Dealing with Sprouting Roots

One common problem after removing an ash tree stump is the emergence of new sprouts from the remaining roots. This can be frustrating, but there are several ways to deal with it:

  • Herbicide Application: Apply a systemic herbicide (such as glyphosate) directly to the sprouts. The herbicide will be absorbed by the sprouts and translocated to the roots, killing them. Be careful not to spray the herbicide on desirable plants.
  • Repeated Cutting: Repeatedly cut the sprouts back to the ground. This will eventually exhaust the roots and prevent them from sprouting. This method requires persistence.
  • Digging Out the Roots: Dig out the roots that are producing sprouts. This is a more labor-intensive method, but it can be effective for smaller root systems.

Safety Considerations: A Recap

No matter which method you choose, safety should always be your top priority. Here’s a recap of some key safety considerations:

  • Wear safety glasses, gloves, and sturdy boots.
  • Mark underground utilities before digging or grinding.
  • Inform neighbors before using noisy equipment.
  • Read and follow all instructions for tools and chemicals.
  • Be aware of your surroundings and watch out for tripping hazards.
  • Never operate power equipment when you are tired or under the influence of drugs or alcohol.

Case Study: My Ash Tree Firewood Project

To illustrate the entire process, let me share a personal case study. A few years ago, a large ash tree in my yard succumbed to the Emerald Ash Borer. I decided to turn it into firewood, but I also needed to remove the stump.

  1. Felling and Processing: I carefully felled the tree using proper chainsaw techniques (which I won’t detail here, as that’s a whole other article!). I then bucked the logs into firewood lengths and split them using a hydraulic log splitter. I stacked the firewood in a well-ventilated area to season for at least a year.
  2. Stump Removal: For the stump, I initially considered manual removal, but it was too large and the roots were too extensive. I opted for stump grinding. I rented a stump grinder from a local equipment rental company and carefully ground the stump down to about 8 inches below ground level.
  3. Root Management: After grinding, I noticed some sprouts emerging from the remaining roots. I applied glyphosate herbicide directly to the sprouts, and they eventually died off.
  4. Cleanup and Replanting: I filled the hole with topsoil, compacted it, and planted grass seed. The area is now a thriving part of my lawn.
  5. Firewood Use: After a year of seasoning, the ash firewood burned beautifully in my wood stove, providing warmth throughout the winter. Ash is an excellent firewood choice, known for its high heat output and clean burning.

This project highlighted the entire cycle: from a standing tree to a warm fire, with proper stump removal in between.

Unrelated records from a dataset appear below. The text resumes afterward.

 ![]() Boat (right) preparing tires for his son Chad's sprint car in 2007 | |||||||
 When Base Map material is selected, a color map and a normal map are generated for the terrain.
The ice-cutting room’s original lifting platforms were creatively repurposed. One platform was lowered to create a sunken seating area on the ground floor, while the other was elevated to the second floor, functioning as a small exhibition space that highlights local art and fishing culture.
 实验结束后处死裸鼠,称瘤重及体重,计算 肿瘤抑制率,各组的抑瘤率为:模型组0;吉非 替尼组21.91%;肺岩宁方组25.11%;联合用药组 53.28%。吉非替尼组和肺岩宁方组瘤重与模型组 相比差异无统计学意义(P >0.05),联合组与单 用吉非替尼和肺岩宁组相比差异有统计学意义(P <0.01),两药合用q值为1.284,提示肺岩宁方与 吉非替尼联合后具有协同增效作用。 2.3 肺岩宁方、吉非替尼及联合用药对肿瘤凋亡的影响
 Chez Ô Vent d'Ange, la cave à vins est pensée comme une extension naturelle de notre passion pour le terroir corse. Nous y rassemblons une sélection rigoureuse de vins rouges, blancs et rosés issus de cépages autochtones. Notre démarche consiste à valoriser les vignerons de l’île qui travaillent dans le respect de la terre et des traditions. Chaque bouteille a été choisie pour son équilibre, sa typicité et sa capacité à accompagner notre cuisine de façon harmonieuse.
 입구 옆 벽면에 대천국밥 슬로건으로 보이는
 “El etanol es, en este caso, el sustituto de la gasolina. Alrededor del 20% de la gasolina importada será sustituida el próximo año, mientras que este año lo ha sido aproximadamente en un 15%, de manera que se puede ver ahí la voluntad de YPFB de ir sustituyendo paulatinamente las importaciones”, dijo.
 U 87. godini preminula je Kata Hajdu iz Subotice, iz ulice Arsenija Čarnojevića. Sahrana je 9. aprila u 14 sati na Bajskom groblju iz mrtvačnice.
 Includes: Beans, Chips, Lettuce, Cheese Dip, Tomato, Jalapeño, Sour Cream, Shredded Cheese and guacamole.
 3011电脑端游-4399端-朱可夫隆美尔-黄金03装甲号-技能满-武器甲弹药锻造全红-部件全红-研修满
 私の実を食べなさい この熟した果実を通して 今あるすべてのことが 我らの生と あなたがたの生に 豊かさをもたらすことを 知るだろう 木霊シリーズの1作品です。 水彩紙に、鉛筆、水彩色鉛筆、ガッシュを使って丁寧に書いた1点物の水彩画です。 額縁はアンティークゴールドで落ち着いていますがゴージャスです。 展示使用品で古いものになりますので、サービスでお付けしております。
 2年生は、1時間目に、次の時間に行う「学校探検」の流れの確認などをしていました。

Strategic Insights for the Future

Beyond the tactical steps of stump removal, consider the strategic implications. Removing dead or dying trees, including the stumps and root systems, is an investment in the long-term health and safety of your property. It can prevent the spread of diseases, reduce the risk of property damage, and improve the overall aesthetic appeal of your landscape.